Processor Guidebook: The Basics from CPUs to ASICs
Take a quick cruise through the engines of the AI revolution.
The AI PC that you’re reading this on (or soon to upgrade to) relies on a team of smart chips to make it work: a CPU, a GPU and an NPU. Industrial computers and data centers add even more chips to the mix, including FPGAs and ASICs. What do all these different chips do and how do they work together?
Here’s a fun and fast way think about it: All these processors are like a grand prix racing team, dividing tasks to complete the race – or whatever you want to get done on your laptop – in the shortest possible amount of time. Strap in for a quick tour through the brains behind the speed.

How All the Chips Team Up for Maximum Speed
CPU: Team Principal
The central processing unit, or CPU, is the brain that runs the computer and all its programs. It’s the team principal – the strategic mastermind overseeing the race plan, making real-time decisions and keeping everything on track.
The CPU and the principal are both versatile – there’s no task they can’t do. At the same time, they’re better suited for one-at-a-time complex jobs and rely on a fleet of helpers to run the whole operation.
Modern chips like Intel® Core™ Ultra 200V mobile processors (code-named Lunar Lake) contain several CPU cores, essentially principal “clones” to get more work done at once. There are even different kinds of cores tuned for maximum performance or power efficiency. CPUs, which ship by the billions per year, are found in everything from simple electronic devices all the way to the world’s most powerful supercomputers.
Example: The CPU in a laptop allows a student to stream online classes, take notes and run multiple applications without lag.

GPU: Pit Crew
The pit crew is a swarm of synchronized fury – swapping tires and completing several adjustments in a flash. That’s the graphics processing unit: a large team optimized for repetitive, simple and simultaneous tasks.

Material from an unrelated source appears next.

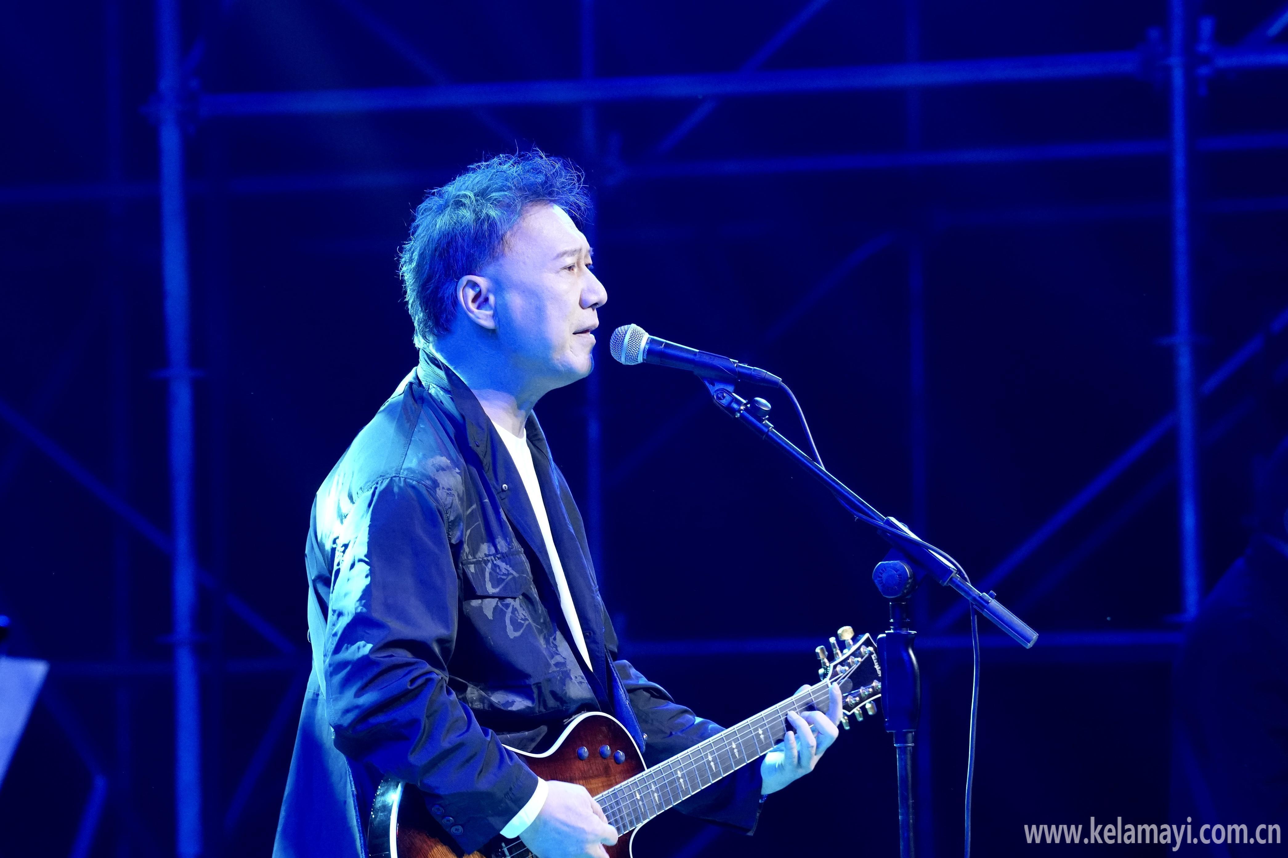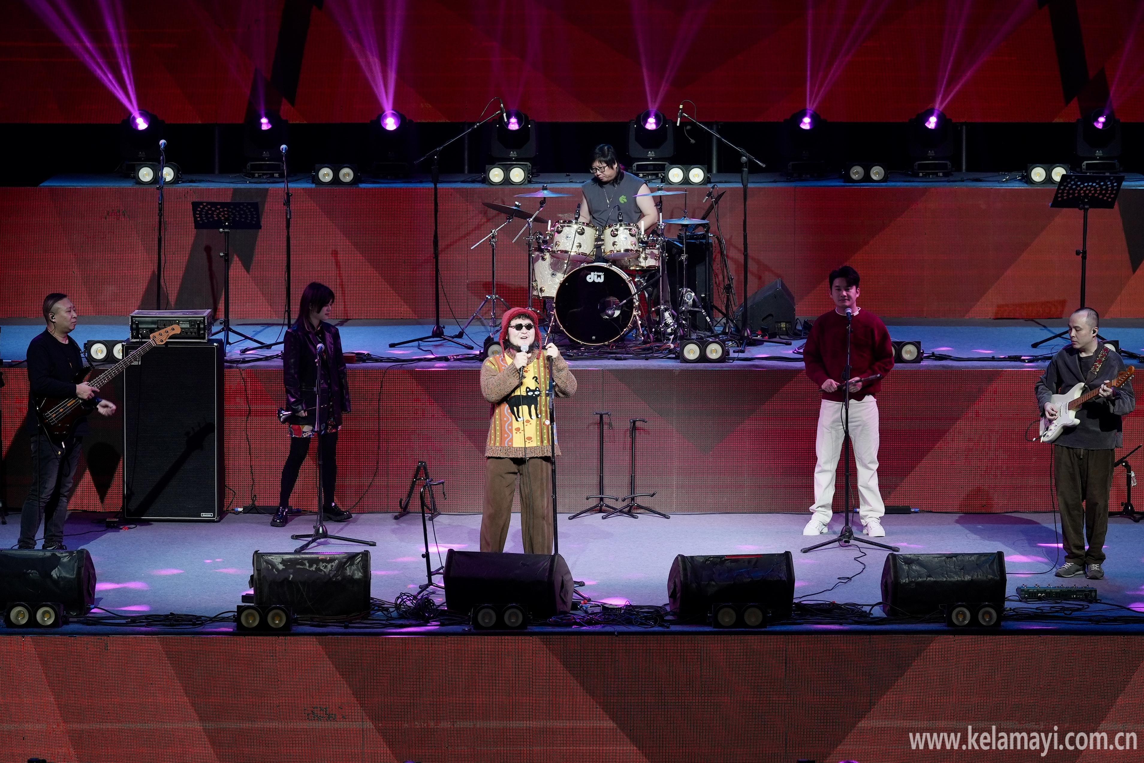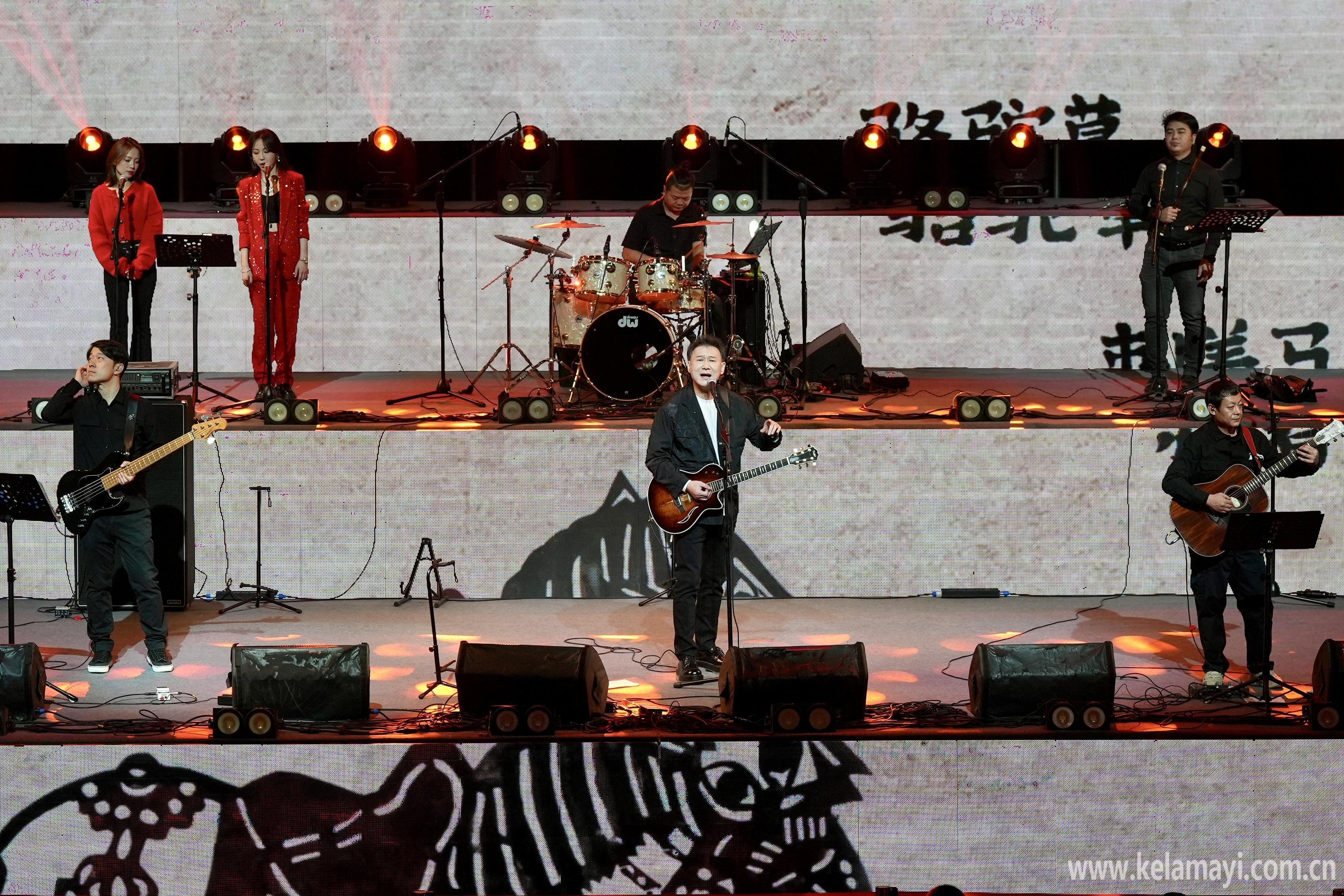 出生于克拉瑪依的馬條回到家鄉(xiāng),為父老鄉(xiāng)親演唱多首歌曲慶祝新年??死斠廊诿接浾?崔文娟 攝

The original task of the GPU was to draw scenes in 3D games – over and over, frame by frame. Researchers later discovered the GPU’s ability to handle the repetitive and highly parallel task of computing a neural network, helping to spark the AI boom.
Intel® Arc™ graphics that are part of a modern Intel® Core™ Ultra chip do both, capable of rendering games or running generative AI right on your laptop. Once found only in gaming PCs, GPUs appear in most any device with a screen, not to mention supercomputers and AI data centers.
Example: A graphic designer’s desktop GPU runs complex image editing software and renders high-resolution graphics quickly for their projects.
NPU: Aerodynamics Engineer
This engineer obsesses over airflow and downforce, fine-tuning the car’s design for efficiency and precision. The neural processing unit, or NPU, is a similarly specialized performer. In its case, the NPU handles neural network tasks like voice recognition or photo enhancement.
The NPU in an Intel Core Ultra chip bundles several neural compute engines tuned to handle AI-common math, like matrix multiplication and convolution. It’s great at translating, generating or classifying different types of input: text, images, videos, speech, sound – you name it. With an NPU, your laptop can handle more AI without sacrificing precious battery life.
NPUs can be found in mobile devices, AI PCs and use cases that rely on local AI, like factory quality control or smart city applications.
Example: A remote worker uses an NPU-enhanced laptop to enhance video calls with real-time background noise cancellation and automatic framing, ensuring a professional appearance while preserving battery life.

FPGA: Garage Technician
The garage technician is the team’s shape-shifter – setting up in the paddock, hauling freight, handling sticker duty or even pitching in with pit stops. That’s the field programmable gate array, or FPGA: a chip you can reprogram after it’s built to handle specific tasks, adapting to whatever the race (or system) demands.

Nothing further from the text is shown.